CXXXVIII
Enter Capitu

When I lifted my head, I saw the figure of Capitu before me. Here is another scene that will seem staged, and yet it’s as natural as the first, since mother and son were going to mass, and Capitu never went out without speaking to me. Nowadays it was a dry, brief word; most times, I didn’t even look at her. She always looked at me, waiting.

This time, when I saw her, I don’t know if it was in my eyes, but Capitu seemed pale to me. There followed one of those silences which can, without exaggeration, be described as lasting a century, time seems to stretch out so in moments of great crisis. Capitu regained her composure; she told her son to go out, and asked me to explain …

“There’s nothing to explain,” I said.

“There’s everything to explain; I don’t understand your tears or Ezequiel’s. What’s happened between you?”

“Didn’t you hear what I said to him?”

Capitu replied that she had heard crying and the sound of words. I think she had heard everything clearly, but to confess it would have meant losing the hope of silence and of reconciliation; for this reason she denied hearing anything and only confirmed what she had seen. Without telling her of the coffee episode, I repeated the words at the end of the chapter.

“What?” she said as if she had heard wrong.

“That he is not my son.”

Great was Capitu’s stupefaction, and the indignation that followed was no less, and both of them so natural that they would have made the first eyewitnesses in our law courts doubt what they had seen. I’ve heard that they exist for all kinds of cases: it’s just a question of paying the right price. I don’t think it’s true, the more so as the person who told me had just lost an action. But, whether or not there are witnesses for hire, mine was reliable; nature itself swore on her own behalf, and I had no wish to doubt her. So, paying no attention to Capitu’s words, to her gestures, to the pain that twisted her features, to anything at all, I repeated the words I had said twice with such resolution that she began to give way. After some moments, she said to me:

“Such an insult can only be explained by sincere conviction; however, you, who were so jealous of my least gesture, never showed the least shadow of suspicion. Where did you get such a notion? Tell me,” she went on, seeing I said nothing in reply, “tell me everything; after what I’ve heard, I can hear the rest, it can’t be much. What has given you such a conviction now? Come on, Bentinho, tell me, tell me! Send me away now, but tell me everything first.”

“There are things that can’t be said.”

“That can’t be said by halves; but now you’ve said the half, tell me everything.”

She had sat down on a chair by the table. She might have been a little confused: her bearing was not that of an accused woman.

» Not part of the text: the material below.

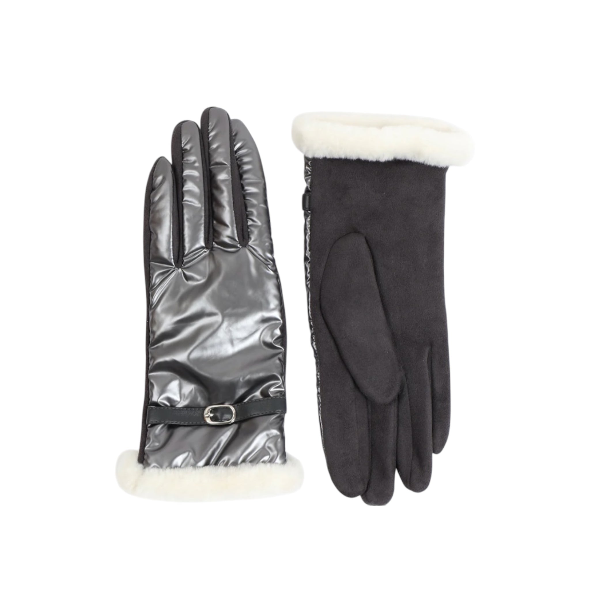 The Tara Metallic Gloves are a fabulous alternative to a traditional woolly glove that makes a real style statement. These black metallic rain gloves offer protection from damp weather and feature a warm lining. A rich and reflective patent sheen is eye-catching and sure to become a seasonal favourite whatever the weather! The eco-friendly faux sheepskin fur trim looks rich and inviting for cold hands. A smart faux leather belt embellishment adorns the wrist and features a tone-on-tone silver buckle. The palm side of these gloves are in rich black also and ensure that these little beauties can go anywhere.

I asked her once again not to insist.

“No, Bentinho, either tell me the rest, so that I can defend myself, if you think I have a defense, or I’ll ask for an immediate separation: I can’t take any more!”

“The separation is already decided on,” I replied taking up her suggestion. “It would have been better to have done it by means of hints, or in complete silence; each of us would have gone his way, with his own wound. Since you insist, however, here is what I can say, and it’s all.”

I didn’t say everything; I could hardly refer to the affair with Escobar without uttering his name. Capitu could not prevent herself laughing, with a laugh that I am sorry not to be able to transcribe here; then in a tone both ironic and melancholy:

“Even the deceased! Not even the dead escape your jealousy!”

She adjusted her short cape and stood up. She sighed, I think she sighed, while I, who wanted nothing more than her complete vindication, said some words I can’t remember to this effect. Capitu looked at me disdainfully, and murmured:

“I know the reason for this; it’s the accident of the resemblance … The will of God must explain it all … You’re laughing? It’s natural; in spite of the seminary, you don’t believe in God; I do … But don’t let’s talk of it any more; it’s not right for us to say any more.”